■ **Required work**: What is needed is an exact copy of the entries below, with every picture left out.

[Saved entries]
┄┄┄┄┄┄┄┄┄┄┄┄┄┄┄┄┄┄┄┄
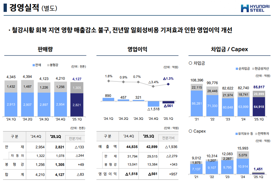 현대제철은 "철강시황 회복 지연 및 파업의 영향으로 1분기 매출액이 전분기 대비 소폭 감소했으나, 전분기 말 일회성 비용 등에 따른 기저효과로 영업이익은 268억원 개선됐다"고 설명했다.
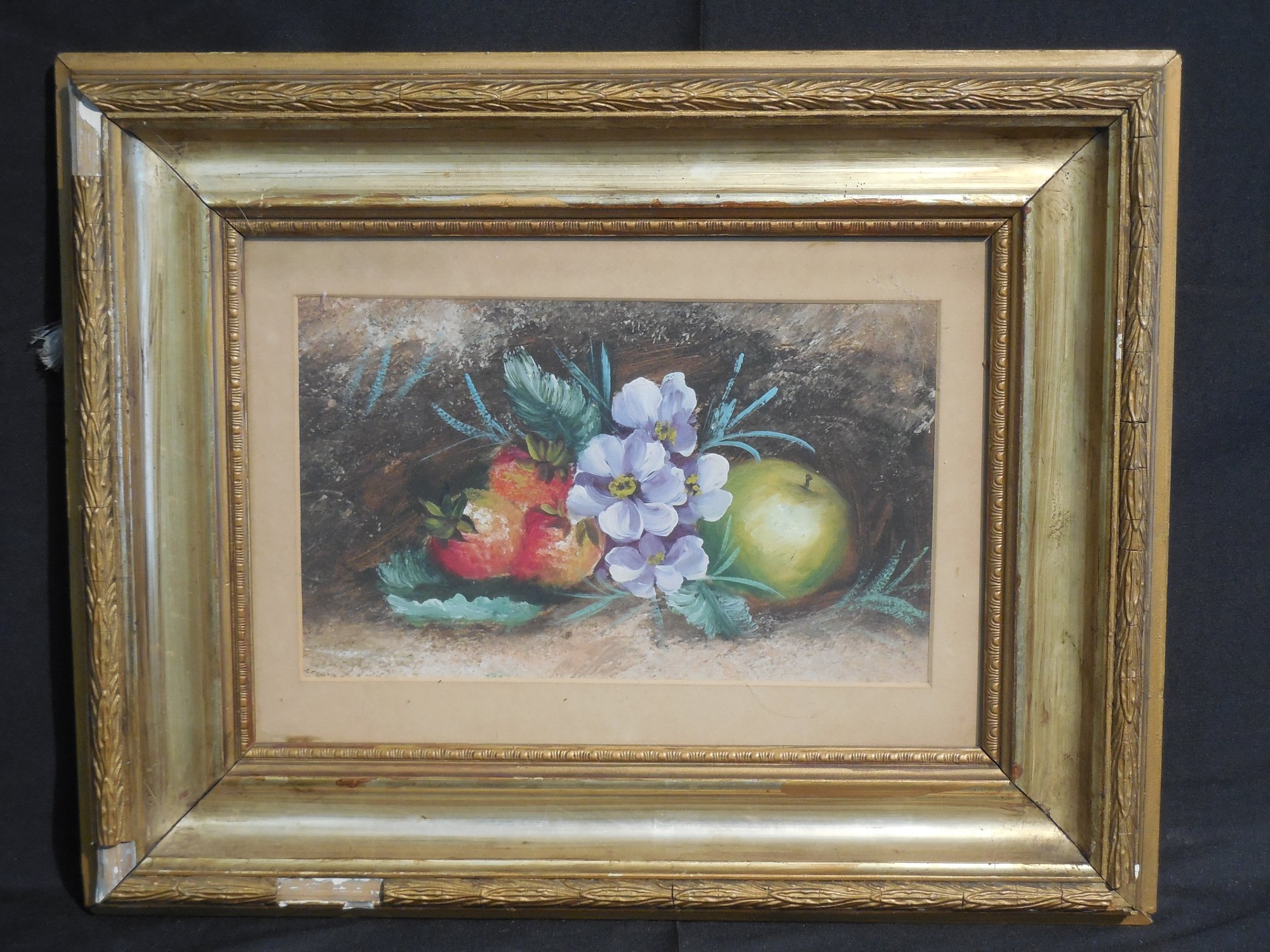 Original 19th Century Still Life Painting of Fruit and Flowers. Sight size: 9 1/2" x 6"; Total: 16" x 13". Frame has some damage but the painting appears to be good.
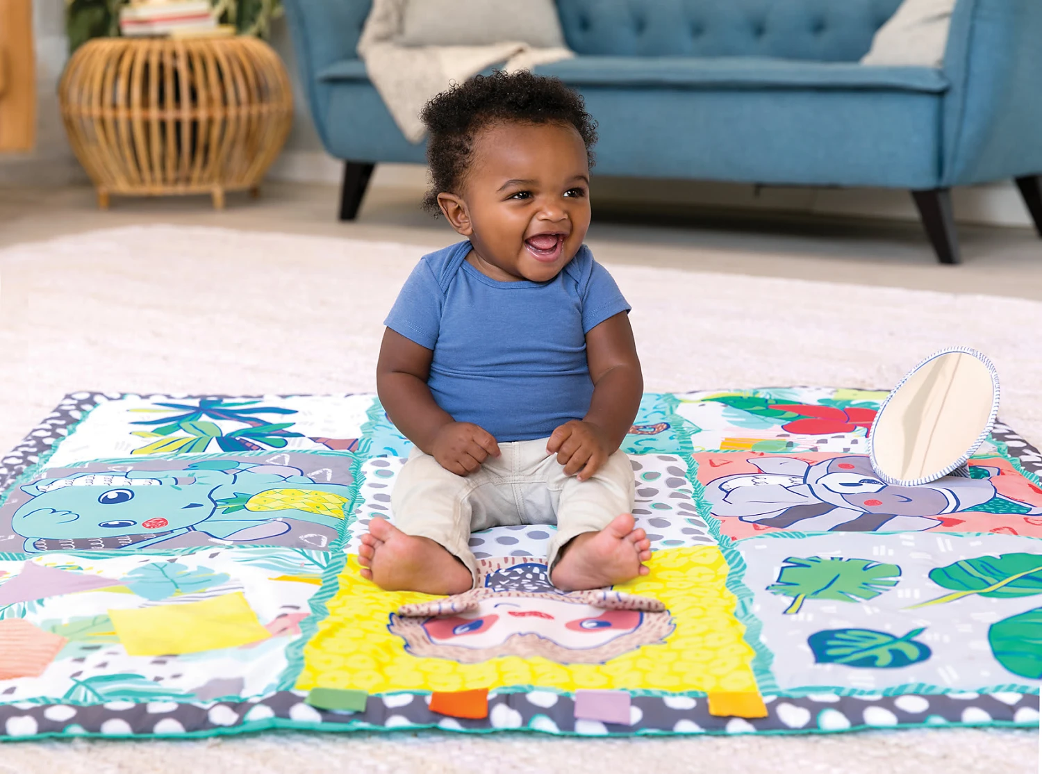 – strukturierte Formen, knisternde Geräusche, bunte Bänder und ein Selfie-Spiegel für ein interaktives, sensorisches Spielvergnügen
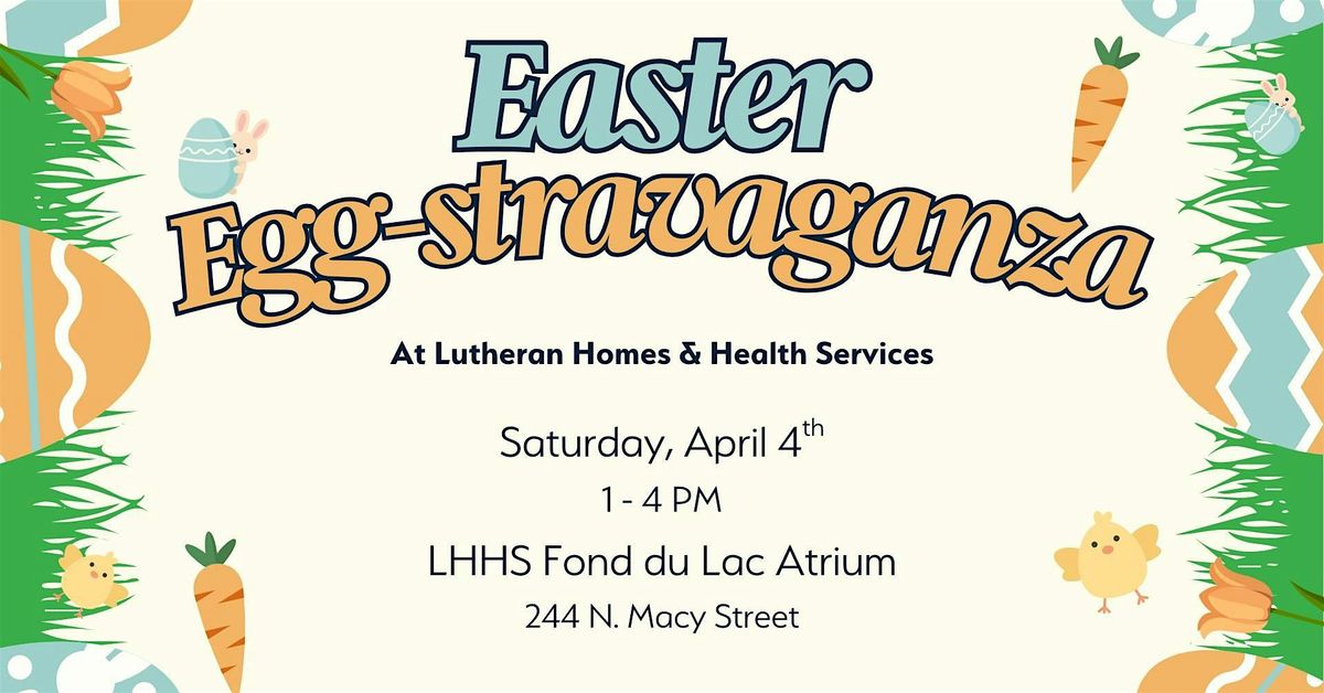 Calling all members of the Fond du Lac community: join us on Saturday, April 4th at Lutheran Homes and Health Services for an Easter Egg-stravaganza! There will be fun for the whole family:
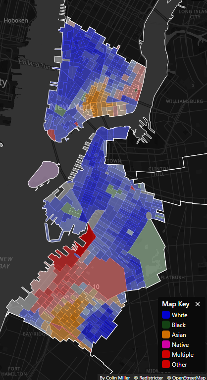 As you might expect in a district that includes Lower Manhattan, the district is majority college-educated, and about a quarter of people have a graduate’s degree. The areas that are most educated are those affluent White areas, and the areas that are least educated are those Asian and Hispanic areas in the district. This is in contrast to NJ-12, where the most educated areas of the district were Asian. The average yearly income is also well above average, but the poverty rate is below average as well. Sadly, education and income are highly correlated, so while the White areas are quite wealthy, the non-white areas are quite poor.
┄┄┄┄┄┄┄┄┄┄┄┄┄┄┄┄┄┄┄┄
■ **Result of the exercise**:
 현대제철은 "철강시황 회복 지연 및 파업의 영향으로 1분기 매출액이 전분기 대비 소폭 감소했으나, 전분기 말 일회성 비용 등에 따른 기저효과로 영업이익은 268억원 개선됐다"고 설명했다.
 Original 19th Century Still Life Painting of Fruit and Flowers. Sight size: 9 1/2" x 6"; Total: 16" x 13". Frame has some damage but the painting appears to be good.
 – strukturierte Formen, knisternde Geräusche, bunte Bänder und ein Selfie-Spiegel für ein interaktives, sensorisches Spielvergnügen
 Calling all members of the Fond du Lac community: join us on Saturday, April 4th at Lutheran Homes and Health Services for an Easter Egg-stravaganza! There will be fun for the whole family:
 As you might expect in a district that includes Lower Manhattan, the district is majority college-educated, and about a quarter of people have a graduate’s degree. The areas that are most educated are those affluent White areas, and the areas that are least educated are those Asian and Hispanic areas in the district. This is in contrast to NJ-12, where the most educated areas of the district were Asian. The average yearly income is also well above average, but the poverty rate is below average as well. Sadly, education and income are highly correlated, so while the White areas are quite wealthy, the non-white areas are quite poor.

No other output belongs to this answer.